## GIVEN MATERIAL:
....................
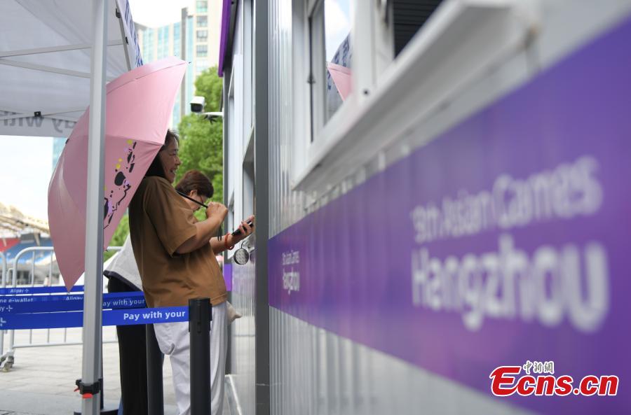 People purchase tickets for Hangzhou Asian Games at a ticket office in Hangzhou, east China's Zhejiang Province, Aug. 23, 2023. (Photo: China News Service/Wang Gang)
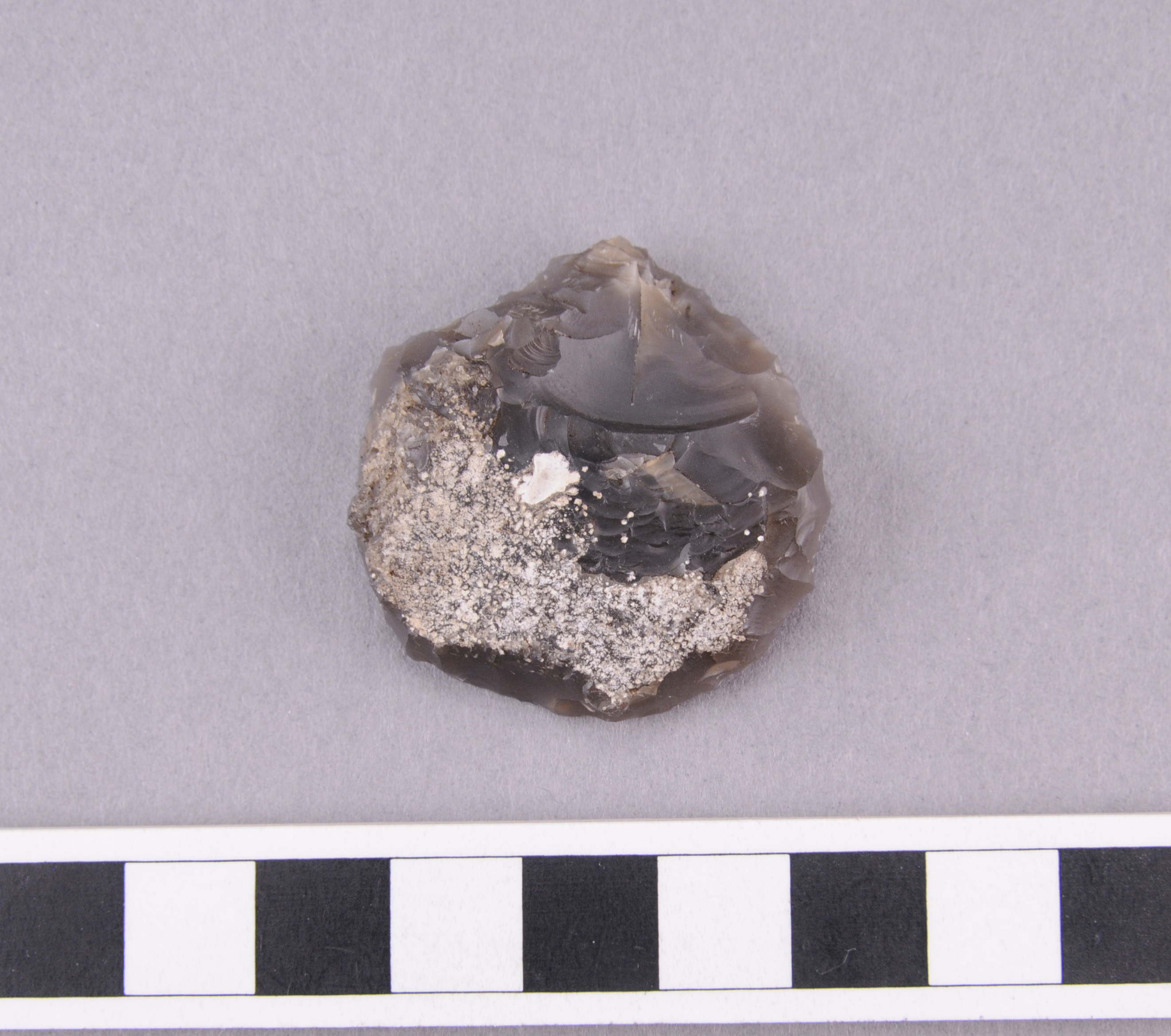 med väldigt fin retusch (och ev. bruksretusch?) runt hela skrapan.
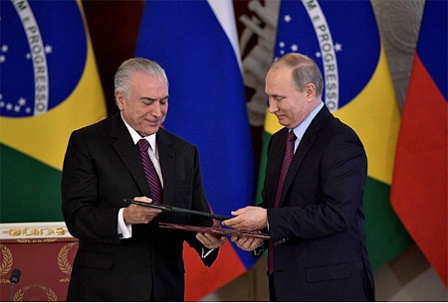 Президент Российской Федерации Владимир Путин назвал переговоры с Президентом Федеративной Республики Бразилия Мишелом Темером весьма результативными. С обеих сторон подтверждена приверженность развитию обоюдовыгодного российско-бразильского сотрудничества. Бразилия является одним из ключевых партнёров России. Сотрудничество между двумя странами основывается на многолетних традициях дружбы и взаимного уважения.
....................
## REQUIREMENT:
Verbatim output, no pictures: the line holding "med väldigt fin" and all lines after it through the last line of the material, with nothing else.

## RESPONSE:
 med väldigt fin retusch (och ev. bruksretusch?) runt hela skrapan.
 Президент Российской Федерации Владимир Путин назвал переговоры с Президентом Федеративной Республики Бразилия Мишелом Темером весьма результативными. С обеих сторон подтверждена приверженность развитию обоюдовыгодного российско-бразильского сотрудничества. Бразилия является одним из ключевых партнёров России. Сотрудничество между двумя странами основывается на многолетних традициях дружбы и взаимного уважения.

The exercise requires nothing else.